Maximizing Contrasting Opinions in Signed Social Networks


Maximizing Contrasting Opinions in Signed Social Networks


A summary of the IEEE BigData 2019 research paper by Kaivalya Rawal and
Arijit Khan.

Background: A central characteristic of social networks is that it facilitates rapid dissemination of information among large groups of individuals [1]. Online social networks, such as Facebook, Twitter, LinkedIn, Flickr, and Digg are used for spreading ideas and messages. Users’ behaviors and opinions are highly affected by their friends in social networks, which is defined as the social influence. Motivated by various real-world applications, e.g., viral marketing [2], social and political campaigning [3], social influence studies have attracted extensive research attention. The classic influence maximization problem [4], [2] identifies the top-k seed users in a social network such that the expected number of influenced users in the network, starting from those seeds and following an influence diffusion model, is maximized. The budget k on the seed set size usually depends on how many initial users the campaigner can directly influence by advertisements, re-tweets from “bots”, free samples, and discounted prices.

Problem: We investigate a novel influence diffusion problem: COSiNe (Contrasting Opinions Maximization in a Signed Social Network). We find limited influential seed nodes which maximize the adoption of two distinct, antithetical opinions in two non-overlapping user groups with opposing views.

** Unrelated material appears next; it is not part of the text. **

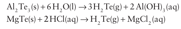 On the other hand, H2 Te is made by hydrolysis of Al2Te3 or by the action of hydrochloric acid on Mg, Zn, or Al tellurides.

The objective behind such influence maximization is to create awareness in a population by improving the quality of the debate on naturally contentious issues.

Applications: An ideal application of our problem would be to increase awareness about infrequently discussed issues that are nonetheless controversial (such as capital punishment, nuclear energy, or affirmative action) — in a target population that naturally splits into two distinct ideological groups (such as democrats and republicans); in a forum that extensively debates topics and proposes mutually agreeable solutions based on compromise, diversity, and inclusion (such as the United States Senate or House of Representatives). Contrary to initial expectations, polarization of opinions and increased conflict can often be beneficial [5], [6], [7], [8], as discussed in the following.

The benefit of conflicting opinions among collaborators has been clearly observed in Wikipedia. Controversial articles such as those on the Syrian Civil War, Israel/Palestine, or George W. Bush attract a higher number of edits. Higher polarization in the contributing community is associated with higher article quality for a broad range of articles – from politics to science and social issues [6]. Increased diversity is often correlated also with greater business performance. Similarly, disagreements amongst co-workers have been found to improve the decision making capabilities at the organisation level. Thus, encouraging different opinions about the same topic can be leveraged to improve the productivity of the organisation [7]. When dealt with correctly, such differences in thought and opinions are a force for good.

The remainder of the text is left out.